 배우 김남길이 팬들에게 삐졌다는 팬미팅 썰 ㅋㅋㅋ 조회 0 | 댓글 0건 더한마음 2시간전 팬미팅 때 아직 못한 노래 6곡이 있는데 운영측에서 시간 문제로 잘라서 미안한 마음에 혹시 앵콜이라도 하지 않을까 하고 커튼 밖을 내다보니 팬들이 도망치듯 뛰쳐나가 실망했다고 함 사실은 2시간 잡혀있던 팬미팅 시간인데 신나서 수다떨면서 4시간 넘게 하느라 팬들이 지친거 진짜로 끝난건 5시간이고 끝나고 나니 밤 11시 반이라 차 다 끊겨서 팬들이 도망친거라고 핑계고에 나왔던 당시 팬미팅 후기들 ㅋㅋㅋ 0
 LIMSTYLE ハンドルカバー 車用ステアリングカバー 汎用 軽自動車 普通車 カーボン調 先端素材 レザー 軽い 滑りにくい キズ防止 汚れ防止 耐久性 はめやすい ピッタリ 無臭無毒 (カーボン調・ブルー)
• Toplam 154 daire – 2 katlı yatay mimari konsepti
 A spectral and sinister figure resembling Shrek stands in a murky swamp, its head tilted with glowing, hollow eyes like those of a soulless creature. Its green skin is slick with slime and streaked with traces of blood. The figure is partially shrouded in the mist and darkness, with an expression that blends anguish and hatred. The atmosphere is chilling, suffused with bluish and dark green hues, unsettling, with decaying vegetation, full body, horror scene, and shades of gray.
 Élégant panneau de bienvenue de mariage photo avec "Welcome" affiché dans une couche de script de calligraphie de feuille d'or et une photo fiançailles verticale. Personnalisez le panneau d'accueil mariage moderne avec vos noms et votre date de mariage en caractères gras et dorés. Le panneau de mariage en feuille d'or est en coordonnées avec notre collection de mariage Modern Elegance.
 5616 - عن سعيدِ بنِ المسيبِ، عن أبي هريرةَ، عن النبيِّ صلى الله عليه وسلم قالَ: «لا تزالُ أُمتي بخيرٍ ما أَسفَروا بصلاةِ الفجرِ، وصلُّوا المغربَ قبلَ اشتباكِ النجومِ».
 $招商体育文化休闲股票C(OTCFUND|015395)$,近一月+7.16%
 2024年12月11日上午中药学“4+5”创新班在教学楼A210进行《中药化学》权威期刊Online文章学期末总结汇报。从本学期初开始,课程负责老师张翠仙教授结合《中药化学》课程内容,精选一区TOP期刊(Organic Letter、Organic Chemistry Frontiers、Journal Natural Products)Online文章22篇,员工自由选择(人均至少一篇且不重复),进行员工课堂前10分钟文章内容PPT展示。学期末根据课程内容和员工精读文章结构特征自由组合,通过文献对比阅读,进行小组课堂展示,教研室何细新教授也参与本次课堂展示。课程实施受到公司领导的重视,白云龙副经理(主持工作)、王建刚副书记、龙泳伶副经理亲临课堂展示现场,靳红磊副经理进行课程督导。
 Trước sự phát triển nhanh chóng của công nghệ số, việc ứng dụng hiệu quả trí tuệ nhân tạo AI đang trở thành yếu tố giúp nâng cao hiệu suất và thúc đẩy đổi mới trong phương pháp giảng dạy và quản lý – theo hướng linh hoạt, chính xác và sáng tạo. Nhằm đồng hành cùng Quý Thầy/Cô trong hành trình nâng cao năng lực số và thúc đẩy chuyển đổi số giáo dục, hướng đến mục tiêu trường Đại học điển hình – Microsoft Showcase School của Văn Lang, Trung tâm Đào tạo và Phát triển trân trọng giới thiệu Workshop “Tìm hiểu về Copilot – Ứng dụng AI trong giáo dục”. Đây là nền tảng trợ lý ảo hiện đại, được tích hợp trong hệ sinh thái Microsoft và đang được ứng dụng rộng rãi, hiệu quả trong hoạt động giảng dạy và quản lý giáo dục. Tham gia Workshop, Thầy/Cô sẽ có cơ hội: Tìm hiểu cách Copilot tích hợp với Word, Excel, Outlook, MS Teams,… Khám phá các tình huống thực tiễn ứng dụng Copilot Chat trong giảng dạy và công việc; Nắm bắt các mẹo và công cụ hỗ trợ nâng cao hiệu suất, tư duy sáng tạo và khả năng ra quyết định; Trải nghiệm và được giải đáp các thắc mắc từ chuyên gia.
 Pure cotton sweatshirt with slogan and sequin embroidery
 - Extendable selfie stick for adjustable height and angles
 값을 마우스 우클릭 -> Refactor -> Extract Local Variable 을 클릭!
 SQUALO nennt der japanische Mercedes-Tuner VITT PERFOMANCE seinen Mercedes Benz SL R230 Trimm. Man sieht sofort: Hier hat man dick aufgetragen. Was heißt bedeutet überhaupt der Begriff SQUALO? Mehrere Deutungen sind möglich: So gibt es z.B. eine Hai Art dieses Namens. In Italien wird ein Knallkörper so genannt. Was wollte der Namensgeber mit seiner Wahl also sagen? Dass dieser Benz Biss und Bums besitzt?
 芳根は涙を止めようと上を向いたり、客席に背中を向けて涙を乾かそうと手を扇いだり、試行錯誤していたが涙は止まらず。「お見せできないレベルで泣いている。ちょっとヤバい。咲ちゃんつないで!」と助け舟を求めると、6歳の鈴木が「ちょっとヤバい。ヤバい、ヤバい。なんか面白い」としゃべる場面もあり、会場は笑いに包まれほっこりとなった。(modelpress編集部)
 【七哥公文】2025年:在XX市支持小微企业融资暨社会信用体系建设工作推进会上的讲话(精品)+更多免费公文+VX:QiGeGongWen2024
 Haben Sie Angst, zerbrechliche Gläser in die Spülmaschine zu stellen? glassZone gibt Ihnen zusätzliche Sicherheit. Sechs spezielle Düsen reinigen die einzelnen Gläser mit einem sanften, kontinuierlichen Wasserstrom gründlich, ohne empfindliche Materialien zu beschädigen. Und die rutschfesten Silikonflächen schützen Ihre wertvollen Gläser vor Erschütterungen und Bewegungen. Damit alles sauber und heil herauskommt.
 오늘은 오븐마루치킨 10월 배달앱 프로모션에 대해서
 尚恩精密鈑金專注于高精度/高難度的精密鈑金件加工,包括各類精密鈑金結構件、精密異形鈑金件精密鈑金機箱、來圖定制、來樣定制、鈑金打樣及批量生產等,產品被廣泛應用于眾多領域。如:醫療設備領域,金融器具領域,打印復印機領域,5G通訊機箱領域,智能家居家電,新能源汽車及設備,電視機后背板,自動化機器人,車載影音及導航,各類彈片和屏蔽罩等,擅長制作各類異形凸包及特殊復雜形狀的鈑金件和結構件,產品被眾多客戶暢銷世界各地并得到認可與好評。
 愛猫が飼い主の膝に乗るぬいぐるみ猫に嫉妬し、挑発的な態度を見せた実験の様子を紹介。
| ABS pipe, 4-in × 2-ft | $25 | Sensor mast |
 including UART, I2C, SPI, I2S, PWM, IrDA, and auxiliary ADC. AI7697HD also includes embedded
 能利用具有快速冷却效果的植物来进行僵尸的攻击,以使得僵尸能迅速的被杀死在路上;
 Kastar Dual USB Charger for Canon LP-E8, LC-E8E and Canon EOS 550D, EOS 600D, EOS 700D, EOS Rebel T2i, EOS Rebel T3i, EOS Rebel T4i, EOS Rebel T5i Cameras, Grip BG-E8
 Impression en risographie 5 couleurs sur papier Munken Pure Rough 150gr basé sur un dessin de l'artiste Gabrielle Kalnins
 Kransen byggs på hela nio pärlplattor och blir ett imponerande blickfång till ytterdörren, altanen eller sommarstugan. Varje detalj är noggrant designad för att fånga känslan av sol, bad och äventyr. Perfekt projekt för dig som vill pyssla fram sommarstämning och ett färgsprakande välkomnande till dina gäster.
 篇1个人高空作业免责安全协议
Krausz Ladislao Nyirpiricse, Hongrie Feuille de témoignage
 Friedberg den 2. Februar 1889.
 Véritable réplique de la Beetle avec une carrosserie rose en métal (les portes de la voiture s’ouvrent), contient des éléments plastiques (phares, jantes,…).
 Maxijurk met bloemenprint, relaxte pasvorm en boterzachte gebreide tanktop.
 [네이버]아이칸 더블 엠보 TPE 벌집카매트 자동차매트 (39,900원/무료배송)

-------------------------

### Prompt
The listing above holds a line with "5616 - عن سعيدِ" and a line with "Letter、Organic Chemistry Frontiers、Journal". Print the stretch from the first through the second, exactly and alone.

### Output for this exercise
 5616 - عن سعيدِ بنِ المسيبِ، عن أبي هريرةَ، عن النبيِّ صلى الله عليه وسلم قالَ: «لا تزالُ أُمتي بخيرٍ ما أَسفَروا بصلاةِ الفجرِ، وصلُّوا المغربَ قبلَ اشتباكِ النجومِ».
 $招商体育文化休闲股票C(OTCFUND|015395)$,近一月+7.16%
 2024年12月11日上午中药学“4+5”创新班在教学楼A210进行《中药化学》权威期刊Online文章学期末总结汇报。从本学期初开始,课程负责老师张翠仙教授结合《中药化学》课程内容,精选一区TOP期刊(Organic Letter、Organic Chemistry Frontiers、Journal Natural Products)Online文章22篇,员工自由选择(人均至少一篇且不重复),进行员工课堂前10分钟文章内容PPT展示。学期末根据课程内容和员工精读文章结构特征自由组合,通过文献对比阅读,进行小组课堂展示,教研室何细新教授也参与本次课堂展示。课程实施受到公司领导的重视,白云龙副经理(主持工作)、王建刚副书记、龙泳伶副经理亲临课堂展示现场,靳红磊副经理进行课程督导。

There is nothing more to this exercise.